%%
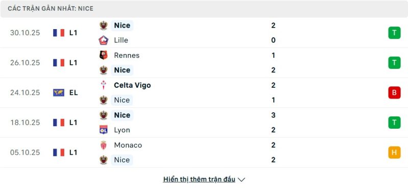 5 trận gần nhất của Nice: W-W-L-W-D
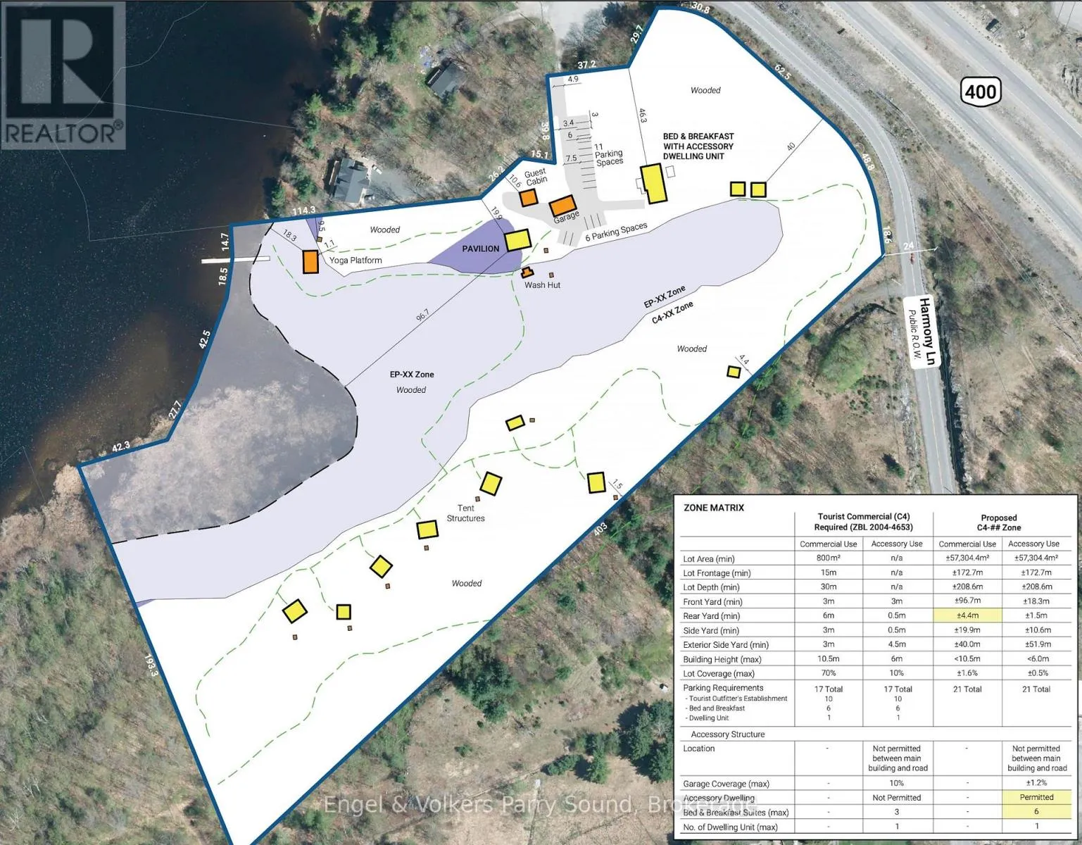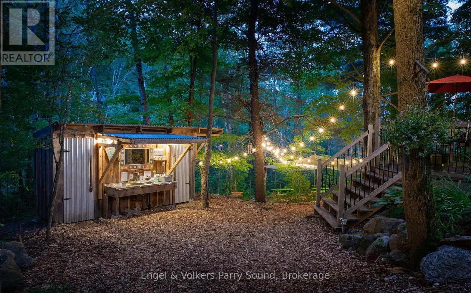 Cross Streets: Hwy 400 & Bowes Street. ** Directions: Highway 400, exit Bowes Street. First right on Louisa St, right on Harmony Lane. Rare Commercial Waterfront Opportunity in Parry Sound - Harmony Outdoor Inn. A truly rare opportunity to acquire Parry Sound's only waterfront hospitality retreat or use personally for your own private oasis! This well-established and highly rated business sits on 14.16 acres of commercially zoned waterfront land, boasting nearly 500 feet of shoreline on the scenic Seguin River and surrounded by tranquil forest trails. Minutes from the downtown core, yet immersed in nature, this unique property offers an unparalleled fusion of seclusion and convenience. Zoned for six guest suites and up to ten campsites or tourist accommodation units (up to 500 SF each), the property presents a tremendous opportunity for a visionary entrepreneur or outdoor enthusiast seeking to grow an already thriving enterprise. The main house features three bedrooms, further sleeping accommodations in the lower level, and inviting open concept common living and dining spaces. Two wood burning fireplaces on the main floor and lower level. A thoughtfully designed Pavilion anchors the property, offering guests, friends & family a communal hub for dining, working remotely, or relaxing after a day of adventure. Seven glamping-style campsites are already in place, each outfitted with eco-conscious, chemical-free composting outhouses. At the waters edge, guests enjoy a sandy beach, dock, yoga platform, fire-pit and serene riverfront vistas ideal for kayaking, canoeing, stand-up paddle-boarding, or simply unwinding by the water. In the winter, the experience transforms with snowshoeing, skating, and cozy fireside moments, offering four-season revenue potential. This is a once-in-a-generation offering; a fully zoned, turnkey hospitality retreat or personal oasis. All within moments of Parry Sound's vibrant shops, restaurants, and hospital, with direct highway access. A premier investment and lifestyle opportunity unlike any other in the region. (id:27476)
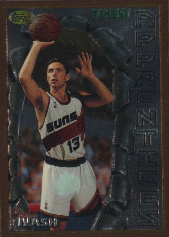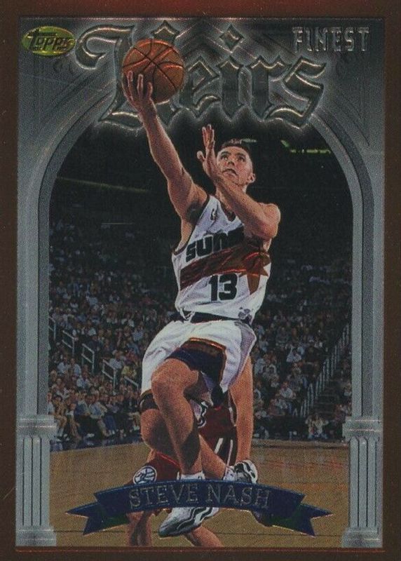 The Steve Nash 1996 Topps Finest #217 Bronze - Base (No Coating) Rookie card in Raw condition has moved down -$2.05 (-40.7%) in the last 30 days and was last sold for $2.99 .
%%
### [What is expected]
Please print the data above in its entirety, exactly, but without any picture.

### [Response box]
 5 trận gần nhất của Nice: W-W-L-W-D
 Cross Streets: Hwy 400 & Bowes Street. ** Directions: Highway 400, exit Bowes Street. First right on Louisa St, right on Harmony Lane. Rare Commercial Waterfront Opportunity in Parry Sound - Harmony Outdoor Inn. A truly rare opportunity to acquire Parry Sound's only waterfront hospitality retreat or use personally for your own private oasis! This well-established and highly rated business sits on 14.16 acres of commercially zoned waterfront land, boasting nearly 500 feet of shoreline on the scenic Seguin River and surrounded by tranquil forest trails. Minutes from the downtown core, yet immersed in nature, this unique property offers an unparalleled fusion of seclusion and convenience. Zoned for six guest suites and up to ten campsites or tourist accommodation units (up to 500 SF each), the property presents a tremendous opportunity for a visionary entrepreneur or outdoor enthusiast seeking to grow an already thriving enterprise. The main house features three bedrooms, further sleeping accommodations in the lower level, and inviting open concept common living and dining spaces. Two wood burning fireplaces on the main floor and lower level. A thoughtfully designed Pavilion anchors the property, offering guests, friends & family a communal hub for dining, working remotely, or relaxing after a day of adventure. Seven glamping-style campsites are already in place, each outfitted with eco-conscious, chemical-free composting outhouses. At the waters edge, guests enjoy a sandy beach, dock, yoga platform, fire-pit and serene riverfront vistas ideal for kayaking, canoeing, stand-up paddle-boarding, or simply unwinding by the water. In the winter, the experience transforms with snowshoeing, skating, and cozy fireside moments, offering four-season revenue potential. This is a once-in-a-generation offering; a fully zoned, turnkey hospitality retreat or personal oasis. All within moments of Parry Sound's vibrant shops, restaurants, and hospital, with direct highway access. A premier investment and lifestyle opportunity unlike any other in the region. (id:27476)
 The Steve Nash 1996 Topps Finest #217 Bronze - Base (No Coating) Rookie card in Raw condition has moved down -$2.05 (-40.7%) in the last 30 days and was last sold for $2.99 .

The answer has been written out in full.